● **EXTRACTED RECORDS**
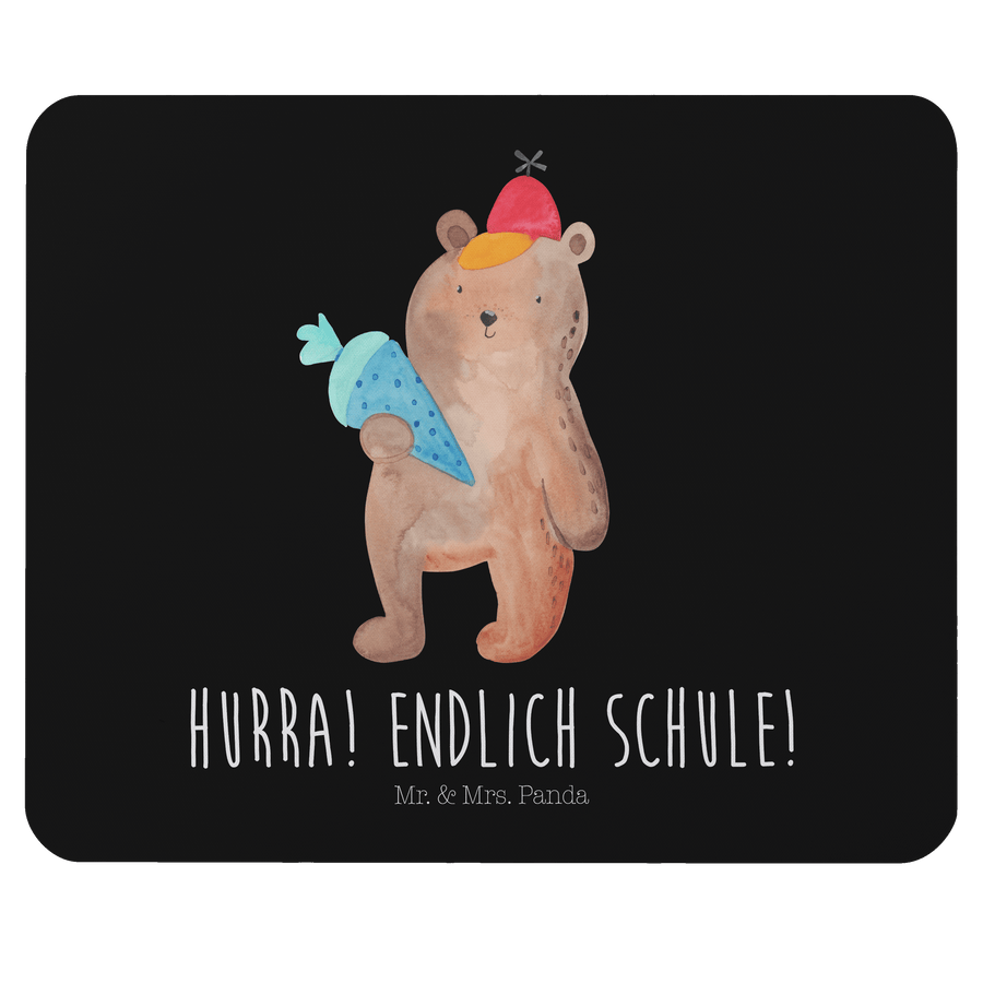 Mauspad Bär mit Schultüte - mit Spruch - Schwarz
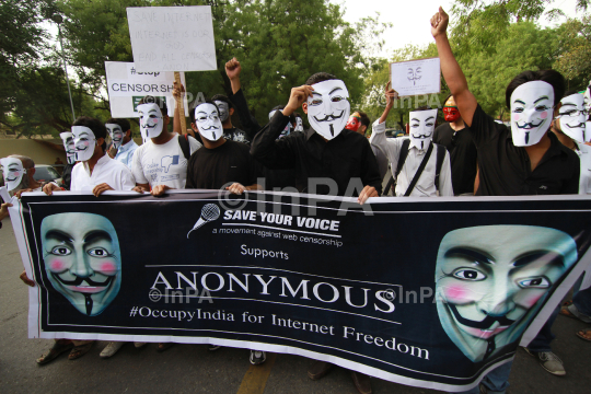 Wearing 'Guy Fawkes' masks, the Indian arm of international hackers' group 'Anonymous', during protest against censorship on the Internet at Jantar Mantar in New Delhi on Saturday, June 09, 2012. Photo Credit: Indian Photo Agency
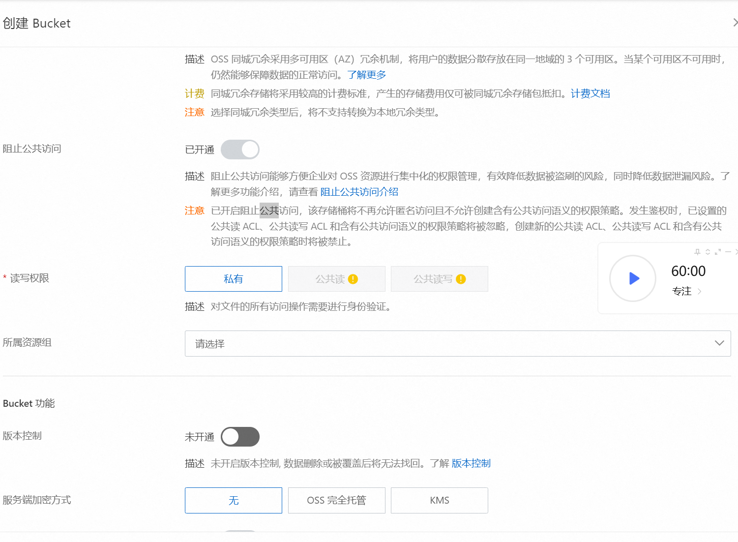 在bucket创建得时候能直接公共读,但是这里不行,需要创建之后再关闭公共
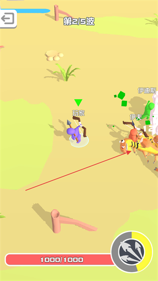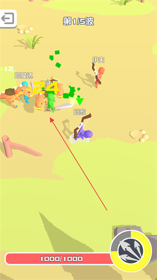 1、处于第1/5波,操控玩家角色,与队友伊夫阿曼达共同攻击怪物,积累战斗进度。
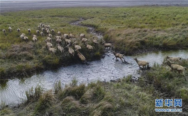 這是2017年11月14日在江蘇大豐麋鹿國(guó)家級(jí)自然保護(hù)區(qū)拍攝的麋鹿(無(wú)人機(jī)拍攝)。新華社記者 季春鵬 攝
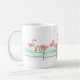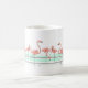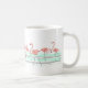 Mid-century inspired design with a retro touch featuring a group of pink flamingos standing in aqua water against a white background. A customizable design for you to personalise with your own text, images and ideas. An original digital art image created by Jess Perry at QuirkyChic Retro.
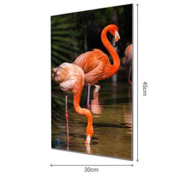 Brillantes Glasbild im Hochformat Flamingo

==

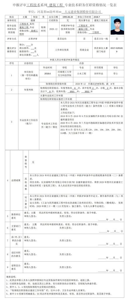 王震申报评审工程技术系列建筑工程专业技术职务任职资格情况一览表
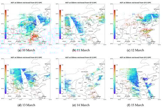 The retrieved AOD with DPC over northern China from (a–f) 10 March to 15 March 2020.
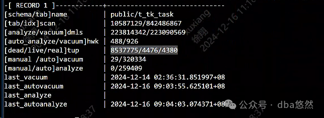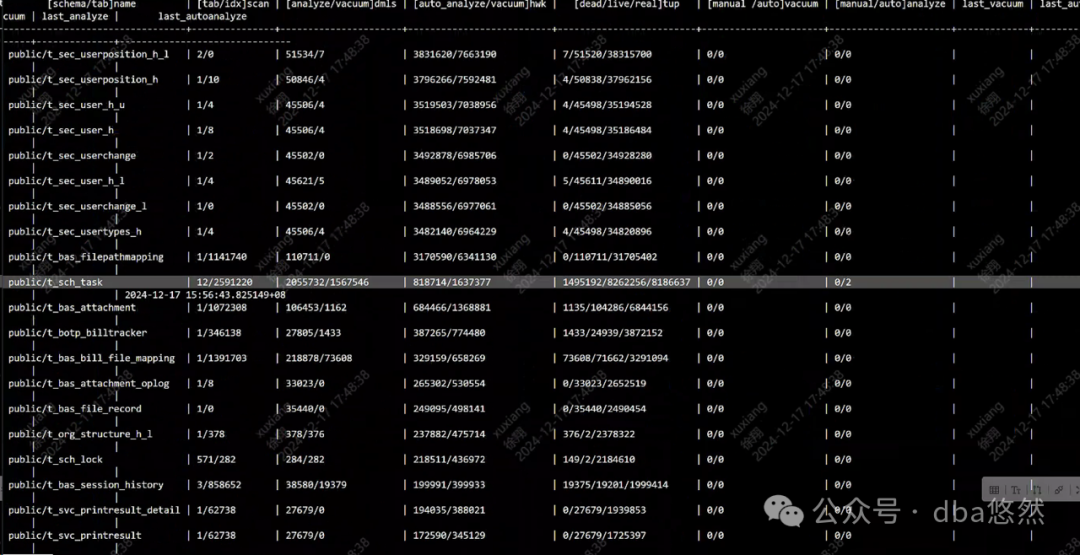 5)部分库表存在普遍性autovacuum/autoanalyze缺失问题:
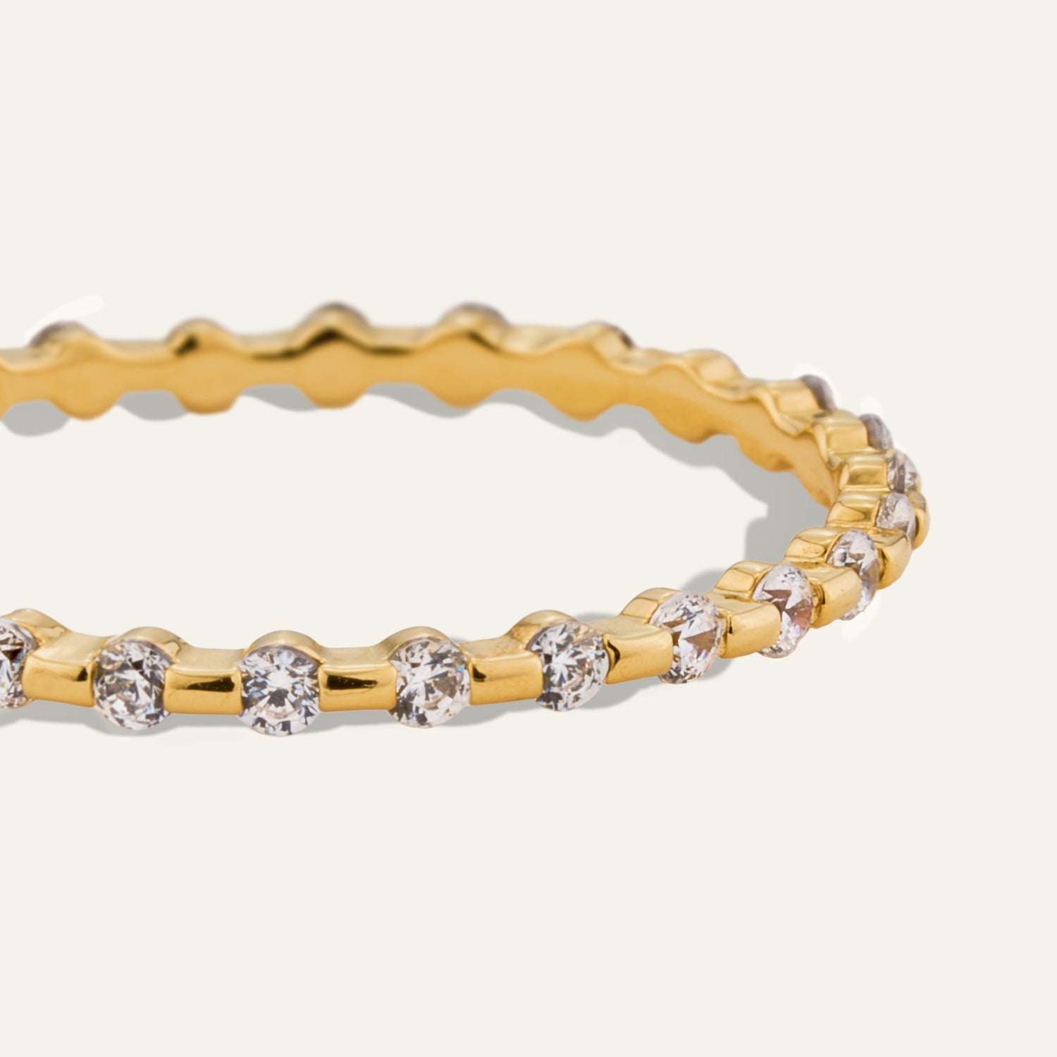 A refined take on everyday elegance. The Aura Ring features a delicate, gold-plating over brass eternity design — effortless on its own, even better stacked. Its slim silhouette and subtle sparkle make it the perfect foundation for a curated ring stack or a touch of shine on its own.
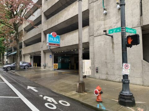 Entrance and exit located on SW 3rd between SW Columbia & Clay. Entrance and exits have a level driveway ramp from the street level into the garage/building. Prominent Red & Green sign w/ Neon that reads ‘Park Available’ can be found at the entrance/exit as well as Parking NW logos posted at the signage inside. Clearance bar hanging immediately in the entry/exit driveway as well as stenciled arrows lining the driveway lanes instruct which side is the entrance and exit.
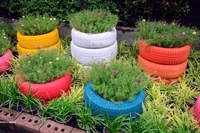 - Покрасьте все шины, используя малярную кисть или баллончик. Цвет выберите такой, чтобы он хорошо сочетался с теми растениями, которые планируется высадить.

--

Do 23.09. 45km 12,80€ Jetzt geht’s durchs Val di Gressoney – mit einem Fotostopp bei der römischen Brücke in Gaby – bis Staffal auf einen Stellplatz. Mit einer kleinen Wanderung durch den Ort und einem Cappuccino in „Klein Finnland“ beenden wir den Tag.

● **REQUIREMENT**
Repeat exactly the lines above, beginning at the one containing "Mauspad Bär mit" and ending at the one containing "Brillantes Glasbild im Hochformat Flamingo". Do not carry over any pictures.

● **WRITTEN RESPONSE**
 Mauspad Bär mit Schultüte - mit Spruch - Schwarz
 Wearing 'Guy Fawkes' masks, the Indian arm of international hackers' group 'Anonymous', during protest against censorship on the Internet at Jantar Mantar in New Delhi on Saturday, June 09, 2012. Photo Credit: Indian Photo Agency
 在bucket创建得时候能直接公共读,但是这里不行,需要创建之后再关闭公共
 1、处于第1/5波,操控玩家角色,与队友伊夫阿曼达共同攻击怪物,积累战斗进度。
 這是2017年11月14日在江蘇大豐麋鹿國(guó)家級(jí)自然保護(hù)區(qū)拍攝的麋鹿(無(wú)人機(jī)拍攝)。新華社記者 季春鵬 攝
 Mid-century inspired design with a retro touch featuring a group of pink flamingos standing in aqua water against a white background. A customizable design for you to personalise with your own text, images and ideas. An original digital art image created by Jess Perry at QuirkyChic Retro.
 Brillantes Glasbild im Hochformat Flamingo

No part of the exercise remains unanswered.